Data items:

* * *

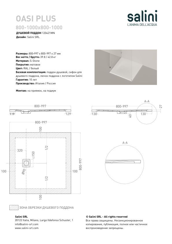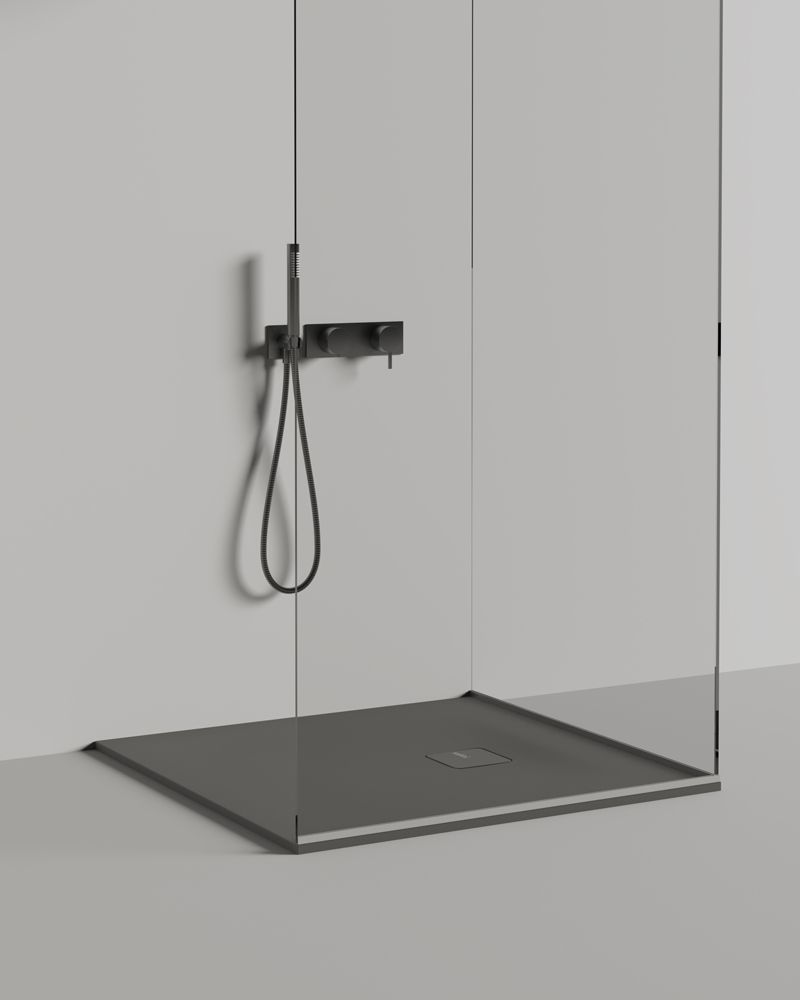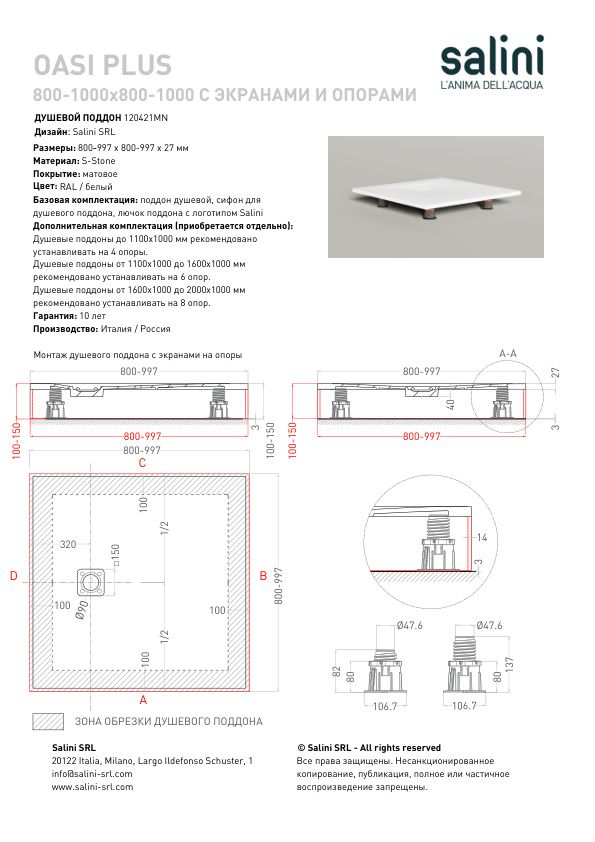 При монтаже на опоры возможно изготовление цельнолитых экранов для душевого поддона из того же материала в оттенках палитры Salini RAL Classic. Такая монолитная конструкция дарит восприятие стильного и элегантного подиума. По желанию цвет экранов может не совпадать с основным оттенком поддона.
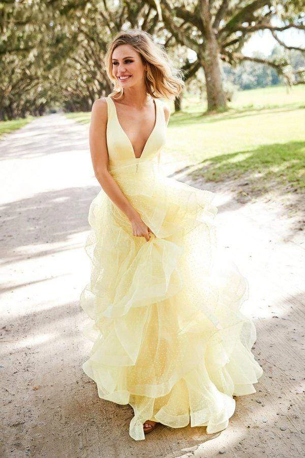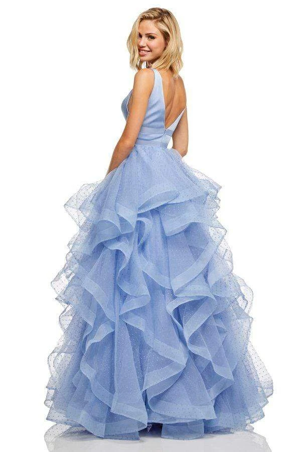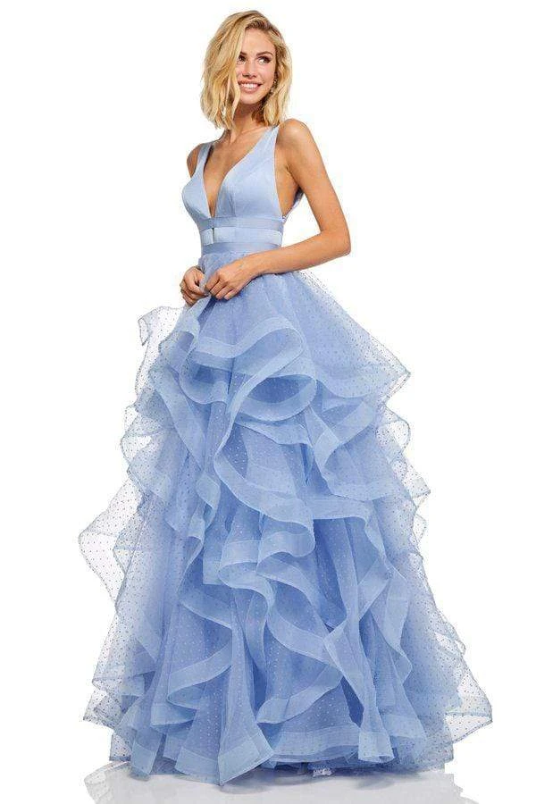 Wrap up in a winning piece for evening in this lovely Sherri Hill 52691 masterpiece. The satin bodice features a plunging V neckline, mirrored with a V back. The flounce ballgown skirt is fashioned in point d’esprit, jazzed up with horsehair edging. Look your absolute best and create a night that you will forever reminisce with this Sherri Hill creation.
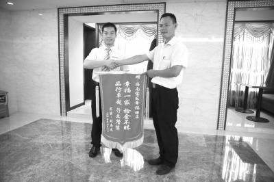 如果撿到相當(dāng)于自己8年工資的現(xiàn)金,你會(huì)怎么辦?26萬元,對(duì)于25歲儋州小伙符進(jìn)燕來說,相當(dāng)于8年工資。他的選擇是,把錢保管好后,立即尋找失主,完璧歸趙。昨日下午,已回到老家的失主劉先生委托在海口的朋友,給符進(jìn)燕的工作單位——海口寶發(fā)幸福酒店送錦旗。“到海南旅游,你會(huì)發(fā)現(xiàn),海南不但風(fēng)景美,人心更美!”劉先生感動(dòng)地說。酒店負(fù)責(zé)人告訴記者,酒店對(duì)符進(jìn)燕進(jìn)行了表彰,獎(jiǎng)勵(lì)他2000元,并將他從禮賓領(lǐng)班提拔為酒店大堂副經(jīng)理。
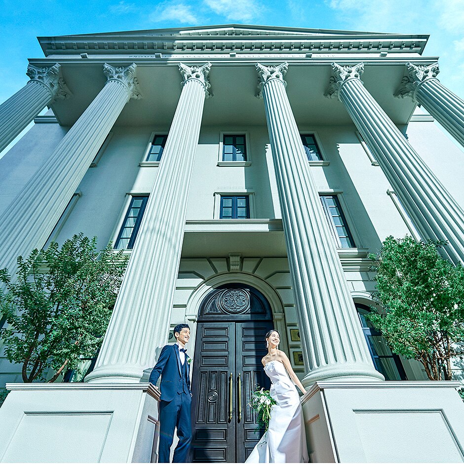 新幹線が停まる静岡駅から徒歩約7分、石田街道をまっすぐ進んだ先に佇む白亜の迎賓館を選んだふたり。「貸切でオリジナルの結婚式をしたいとは思っていましたが、具体的には何も決めていなかったので、白が基調のこの会場なら、どんなドレスや装飾も似合うと思いました。重視していた料理を試食できたことも決め手です」。
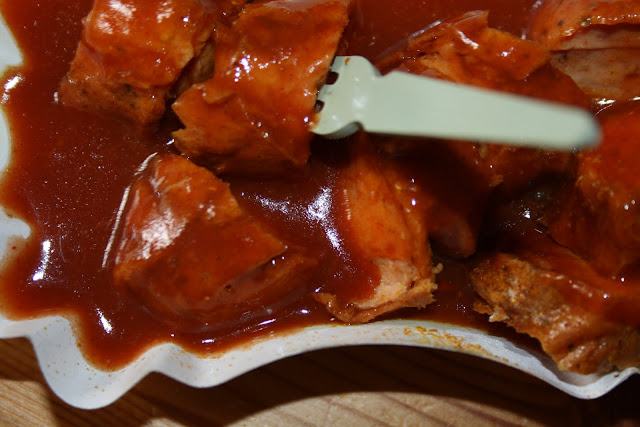 Salchicha, curry y ketchup por 1.50€. Eso es todo. Y teniendo en cuenta, que no soy muy amiga del curry, he de decir que está bastante buena, el ketchup con el curry tiene un toque dulce. Nunca antes la había probado,porque me daba la sensación de que el curry me iba a revolver el estómago. Pero hoy me apetecía probarla... será eso señal de que me estoy integrando en la vida berlinesa?? jaja
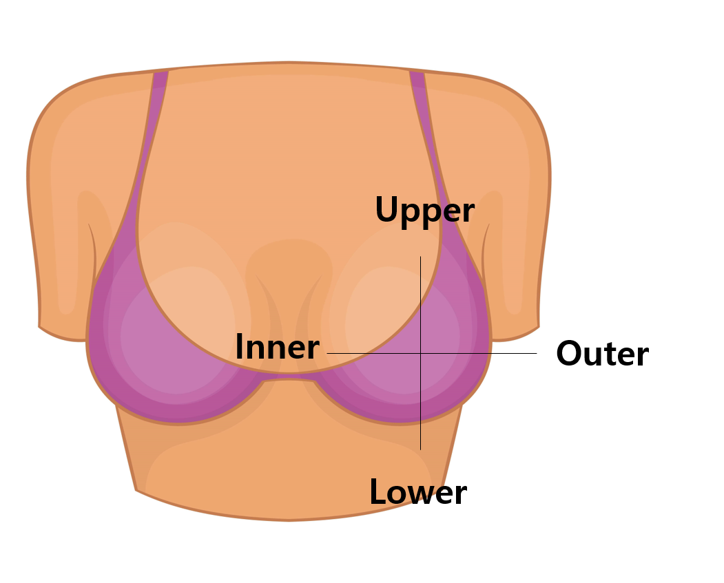 병변의 위치를 정하는 방법을 간단히 말씀 드리면, 젖꼭지(nipple)을 기준으로 사분면을 그려 위는 upper, 아래는 lower, 안쪽은 inner, 바깥쪽은 outer로 정합니다. 오른쪽 왼쪽을 정하고, 사분면을 칭하는 영어의 앞글자를 따 병변의 위치를 정합니다.

* * *

■ **What is required**
Omit every picture, then write out the entries above exactly.

■ **Result for this task**
 При монтаже на опоры возможно изготовление цельнолитых экранов для душевого поддона из того же материала в оттенках палитры Salini RAL Classic. Такая монолитная конструкция дарит восприятие стильного и элегантного подиума. По желанию цвет экранов может не совпадать с основным оттенком поддона.
 Wrap up in a winning piece for evening in this lovely Sherri Hill 52691 masterpiece. The satin bodice features a plunging V neckline, mirrored with a V back. The flounce ballgown skirt is fashioned in point d’esprit, jazzed up with horsehair edging. Look your absolute best and create a night that you will forever reminisce with this Sherri Hill creation.
 如果撿到相當(dāng)于自己8年工資的現(xiàn)金,你會(huì)怎么辦?26萬元,對(duì)于25歲儋州小伙符進(jìn)燕來說,相當(dāng)于8年工資。他的選擇是,把錢保管好后,立即尋找失主,完璧歸趙。昨日下午,已回到老家的失主劉先生委托在海口的朋友,給符進(jìn)燕的工作單位——海口寶發(fā)幸福酒店送錦旗。“到海南旅游,你會(huì)發(fā)現(xiàn),海南不但風(fēng)景美,人心更美!”劉先生感動(dòng)地說。酒店負(fù)責(zé)人告訴記者,酒店對(duì)符進(jìn)燕進(jìn)行了表彰,獎(jiǎng)勵(lì)他2000元,并將他從禮賓領(lǐng)班提拔為酒店大堂副經(jīng)理。
 新幹線が停まる静岡駅から徒歩約7分、石田街道をまっすぐ進んだ先に佇む白亜の迎賓館を選んだふたり。「貸切でオリジナルの結婚式をしたいとは思っていましたが、具体的には何も決めていなかったので、白が基調のこの会場なら、どんなドレスや装飾も似合うと思いました。重視していた料理を試食できたことも決め手です」。
 Salchicha, curry y ketchup por 1.50€. Eso es todo. Y teniendo en cuenta, que no soy muy amiga del curry, he de decir que está bastante buena, el ketchup con el curry tiene un toque dulce. Nunca antes la había probado,porque me daba la sensación de que el curry me iba a revolver el estómago. Pero hoy me apetecía probarla... será eso señal de que me estoy integrando en la vida berlinesa?? jaja
 병변의 위치를 정하는 방법을 간단히 말씀 드리면, 젖꼭지(nipple)을 기준으로 사분면을 그려 위는 upper, 아래는 lower, 안쪽은 inner, 바깥쪽은 outer로 정합니다. 오른쪽 왼쪽을 정하고, 사분면을 칭하는 영어의 앞글자를 따 병변의 위치를 정합니다.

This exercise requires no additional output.